====== Given records ======
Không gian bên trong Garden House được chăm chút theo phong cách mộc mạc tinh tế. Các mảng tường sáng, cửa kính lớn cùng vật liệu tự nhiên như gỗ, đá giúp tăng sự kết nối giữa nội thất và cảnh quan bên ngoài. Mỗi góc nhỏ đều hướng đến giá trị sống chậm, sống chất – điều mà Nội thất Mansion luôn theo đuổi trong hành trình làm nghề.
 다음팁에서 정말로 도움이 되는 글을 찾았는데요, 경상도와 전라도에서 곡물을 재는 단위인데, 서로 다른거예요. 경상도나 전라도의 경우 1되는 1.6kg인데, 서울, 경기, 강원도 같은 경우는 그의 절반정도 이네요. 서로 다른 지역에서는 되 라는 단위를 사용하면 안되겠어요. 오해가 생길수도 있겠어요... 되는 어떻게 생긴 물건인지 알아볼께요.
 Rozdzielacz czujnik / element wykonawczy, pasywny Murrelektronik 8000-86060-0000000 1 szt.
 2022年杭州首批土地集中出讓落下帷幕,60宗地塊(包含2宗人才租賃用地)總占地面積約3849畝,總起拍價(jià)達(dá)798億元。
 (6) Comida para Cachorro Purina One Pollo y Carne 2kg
======
====== Given records ======
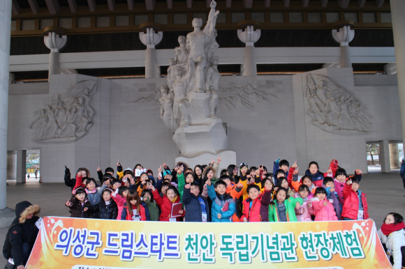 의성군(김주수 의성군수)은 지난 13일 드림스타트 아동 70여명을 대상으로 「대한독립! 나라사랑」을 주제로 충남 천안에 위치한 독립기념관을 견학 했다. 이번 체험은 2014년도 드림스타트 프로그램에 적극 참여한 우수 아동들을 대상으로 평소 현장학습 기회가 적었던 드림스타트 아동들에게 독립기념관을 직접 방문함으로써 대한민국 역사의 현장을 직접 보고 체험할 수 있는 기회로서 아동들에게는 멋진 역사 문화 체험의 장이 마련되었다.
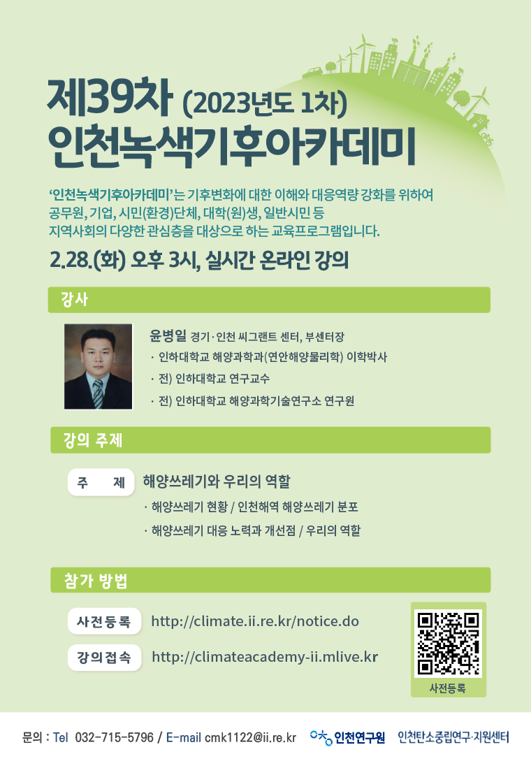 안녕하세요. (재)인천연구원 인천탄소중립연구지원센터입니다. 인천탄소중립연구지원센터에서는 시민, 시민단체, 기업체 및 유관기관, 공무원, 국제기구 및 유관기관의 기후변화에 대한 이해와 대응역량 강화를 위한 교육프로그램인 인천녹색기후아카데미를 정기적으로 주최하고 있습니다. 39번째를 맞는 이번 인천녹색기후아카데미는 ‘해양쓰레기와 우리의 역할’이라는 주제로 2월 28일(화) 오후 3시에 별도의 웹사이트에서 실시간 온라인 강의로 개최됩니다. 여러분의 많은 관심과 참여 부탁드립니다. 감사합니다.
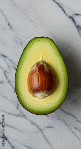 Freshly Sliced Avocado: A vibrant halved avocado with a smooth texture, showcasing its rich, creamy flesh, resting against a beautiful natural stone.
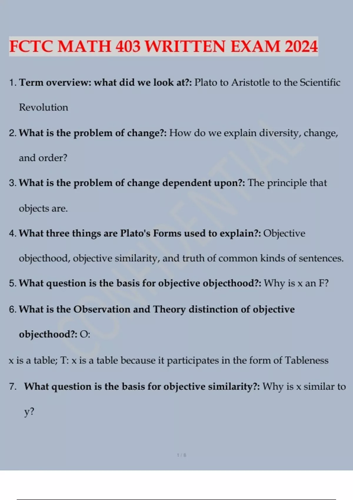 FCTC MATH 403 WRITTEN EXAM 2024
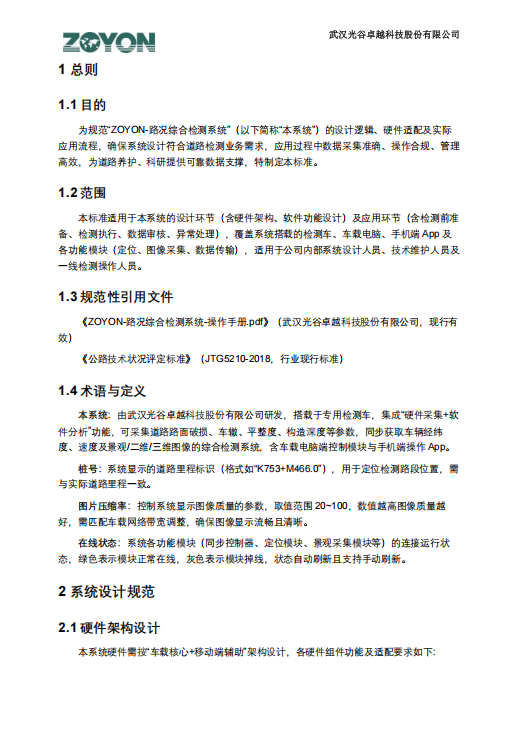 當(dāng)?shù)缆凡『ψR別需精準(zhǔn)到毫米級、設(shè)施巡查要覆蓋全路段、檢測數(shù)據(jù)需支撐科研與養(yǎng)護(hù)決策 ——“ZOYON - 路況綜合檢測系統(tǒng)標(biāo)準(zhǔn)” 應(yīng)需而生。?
======
Work instruction: Beginning with the line that has "Rozdzielacz czujnik /" and ending with the line that has "(6) Comida para", set down the lines above exactly and include no others.

Result below:
 Rozdzielacz czujnik / element wykonawczy, pasywny Murrelektronik 8000-86060-0000000 1 szt.
 2022年杭州首批土地集中出讓落下帷幕,60宗地塊(包含2宗人才租賃用地)總占地面積約3849畝,總起拍價(jià)達(dá)798億元。
 (6) Comida para Cachorro Purina One Pollo y Carne 2kg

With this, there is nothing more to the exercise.